Without acknowledging failures, how else are sales and marketing teams meant to improve? Part of tightening up your marketing and sales process is acknowledging where potential customers are falling through the gaps, and remedying the solution.

This means keeping a close eye on:

  • Content and campaign performance: which content types and topics are bringing in the higher quality leads?
  • Number of leads that go back from sales-ready to marketing qualified: if this is high, then you will need to re-define what qualifies as a sales-ready lead.
  • MQL to opportunity ratio: provides an indication of lead quality, and whether marketing are targeting the right prospects

Have fun and get to know each otheR


Remove any sign of ‘us and them’ mentality by organising combined lunches, celebrations, and post-work shenanigans. This helps to build trust, encourage team spirit, and gets everyone on a first name basis. This will build trust amongst team members, and makes sure everyone feels comfortable supporting each other

 


Smarter, faster, better selling


Sales and marketing teams need a time out, a sit down, and a breather.

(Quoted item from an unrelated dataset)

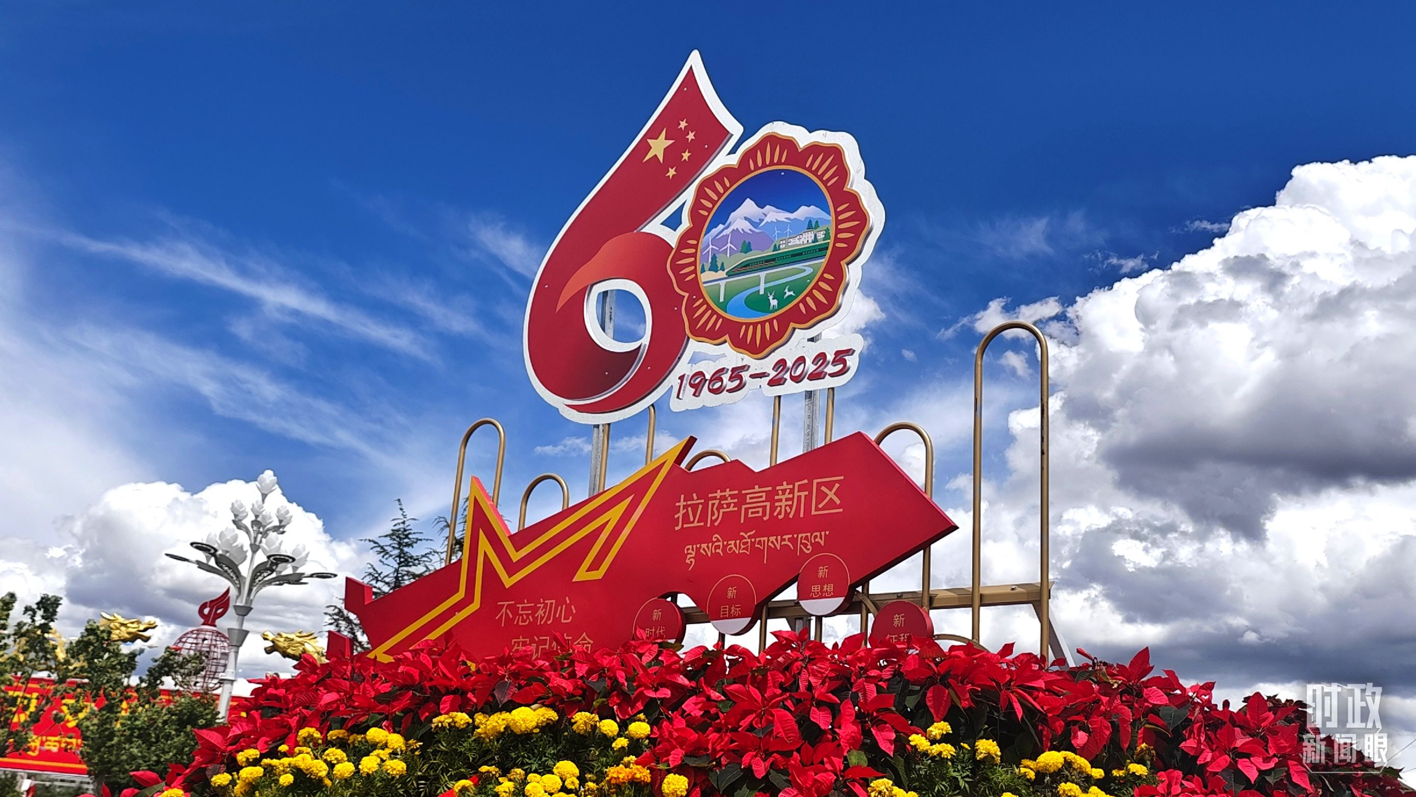 △西藏自治區(qū)成立60周年標識。(總臺央視記者韓銳拍攝)

No more blame-games — chances are both are at fault if the business is not hitting revenue targets.

As such, they need to be working closer together, sharing resources, acknowledging where the gaps are, and plugging them together.  

As social selling evangelist Jill Rowley once said: “The new reality is that marketing needs to know more about sales, sales needs to know more about marketing, and we all need to know more about our customers.”